Haber: Edda SÖNMEZ
(İSTANBUL) CHP İstanbul Vilayet Başkanlığı binasının satın alınması sürecinde 2019’da bir avukatlık ofisinde çekilen imgelerden yola çıkılarak açılan davanın üçüncü duruşması görüldü. Sanık eski CHP İstanbul Vilayet Başkanı Canan Kaftancıoğlu, “Siyasi Partiler Kanun’unda bağış için bir limit belirtilmiştir, bu limitin üzerinde bağış yapmak isteyenler yasal pürüz olduğu için yasanın öngördüğü kadarını kendisi yapar, fazlası için de yakınlarına, akrabalarına, dostlarını bağışçı olarak gösterir. Bütün partiler bunu yapmaktadır. Üzerime atılı suçlamayı kabul etmiyorum. Kaldı ki evraka sunulan imaj kayıtları yasa dışı kanıt niteliğindedir, kanıt olarak değerlendirilmemesi gerekir. Ayrıyeten siyasi partilerin kontrolü Anayasa Mahkemesi’nce yapılmaktadır” dedi.

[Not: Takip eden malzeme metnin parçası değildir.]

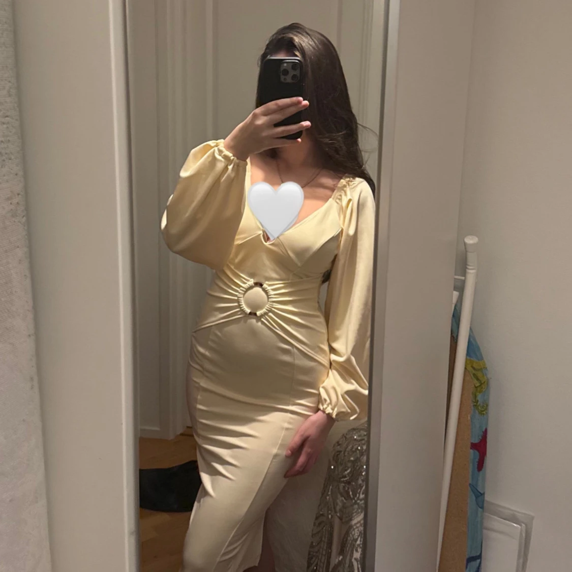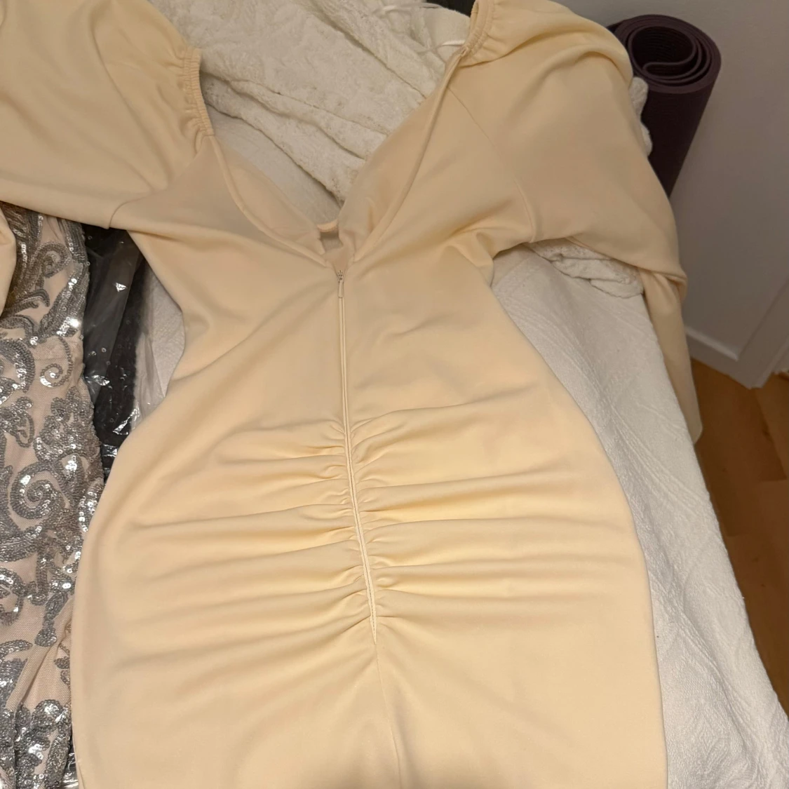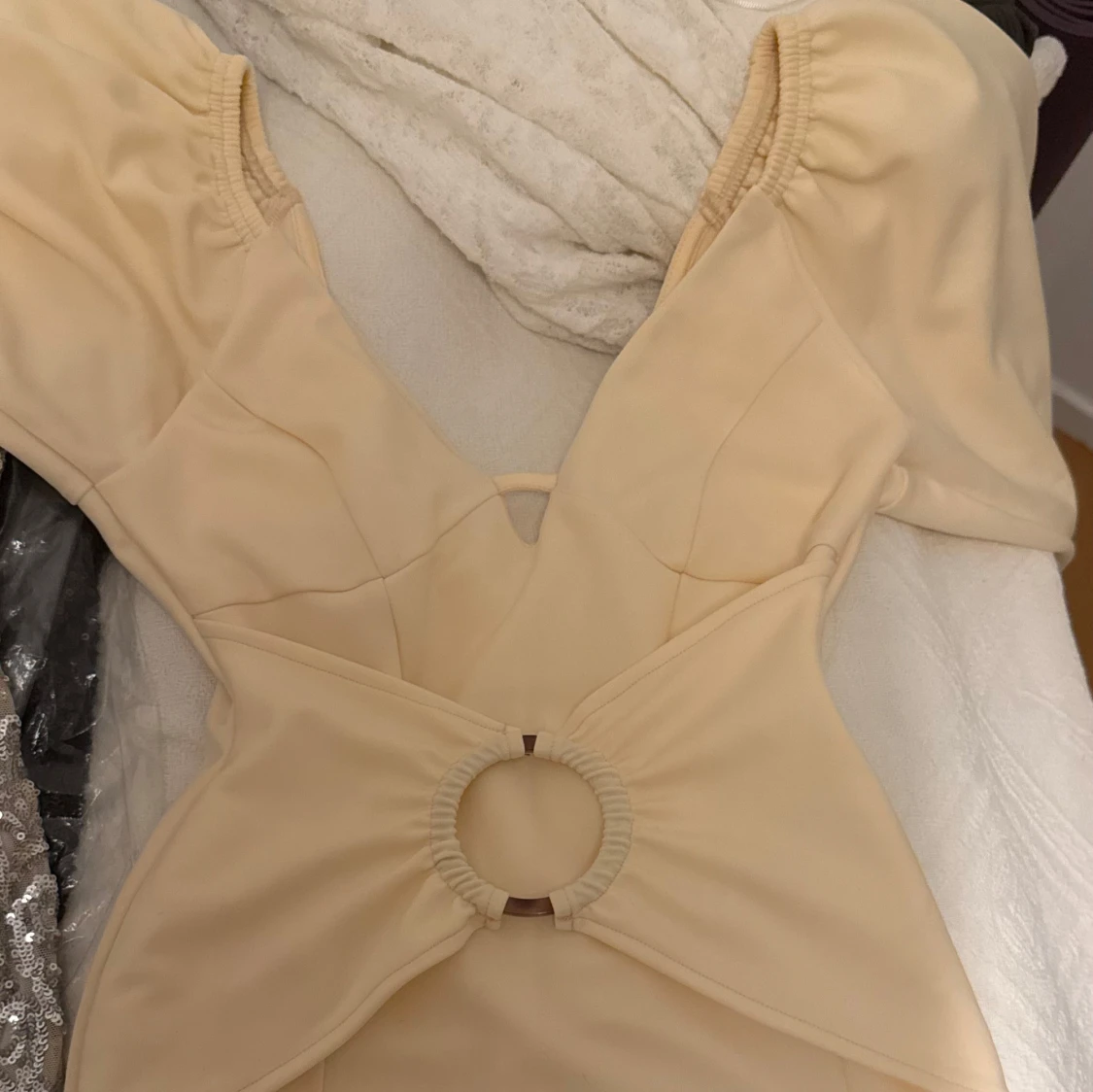 Elegant champagne/beige färgad figurnära klänning med en unik ringdetalj i midjan. Har även scrunch på bakdelen som ger en väldigt fin och smickrande look✨Helt oanvänd

CHP İstanbul Vilayet Başkanlığı binasının satın alma süreciyle ilgili açılan davanın üçüncü duruşması İstanbul 59. Asliye Ceza Mahkemesi tarafından, salonu daha geniş olan İstanbul 59. Asliye Ceza Mahkemesi’nde görüldü. Duruşmaya eski CHP İstanbul İl Başkanı Canan Kaftancıoğlu’nun da ortalarında bulunduğu isimler katıldı. Salonda taraf avukatları, CHP Genel Lider Yardımcısı Gökan Zeybek, Parti Meclis Üyesi Baran Seyhan, Parti Meclis Üyesi Burcu Mazıcıoğlu, Parti Meclis Üyesi Bedirhan Berk Yanlışsız ve çok sayıda izleyici hazır bulundu.
“Benim bağış alma yahut verme biçiminde rastgele bir hareketim olmadı”
19 Mart operasyonları kapsamında tutuklu bulunan İBB Spor Kulübü Lideri sanık Fatih Keleş, SEGBİS’le bağlandığı duruşmada, “Benim bağış alma yahut verme formunda rastgele bir aksiyonum olmadı, suçlamayı kabul etmiyorum. Beraatimi istiyorum” dedi. Tıpkı biçimde duruşmaya bağlanan Tuncay Yılmaz da suçlamaları reddetti ve beraatini istedi.
Partiye vilayet binası alımı için arkadaşlarıyla çalışmaya başladıklarını kaydeden sanık eski CHP İstanbul İl Başkanı Canan Kaftancıoğlu, şunları kaydetti:
“Türkiye genelinde ‘Bir Tuğla da Sen Koy’ isminde kampanya başlattık. Kampanyanın devam sürecinde vilayet binası olabilecek özellikte bir bina bulduk, beğendik. Bina sahibiyle görüştük, anlaştık. Anlaşamadığımız tek husus 41 milyon bedelle almış olmamıza karşın mülk sahibinin tapu kayıtlarında satış bedelinin daha düşük gösterilmesi nedenli talebiydi.
“Siyasi partilerin kontrolü Anayasa Mahkemesi’nce yapılmaktadır”
Siyasi Partiler Kanunu’nda bağış için bir limit belirtilmiştir, bu limitin üzerinde bağıs yapmak isteyenler yasal pürüz olduğu için yasanın öngördüğü kadarını kendisi yapar, fazlası için de yakınlarına, akrabalarına, dostlarını bağışçı olarak gösterir. Bütün partiler bunu yapmaktadır. Üzerime atılı suçlamayı kabul etmiyorum, beraatimi talep ederim. Kaldı ki belgeye sunulan imaj kayıtları yasa dışı kanıt niteliğindedir, kanıt olarak değerlendirilmemesi gerekir. Ayrıyeten siyasi partilerin kontrolü Anayasa Mahkemesi’nce yapılmaktadır.”
Mahkeme, savunması alınan sanıkların duruşmalardan vareste tutulmasına ve Anayasa Mahkemesi’nin mali kontrol raporunun bitip bitmediğinin sorulmasına karar verdi. Avukatlarının davada “durma kararı verilmesine” ait taleplerinin bir sanığın daha savunmasının alınmasının akabinde kıymetlendirilmesine karar veren mahkeme, duruşmayı 19 Kasım 10.00’a ertelendi.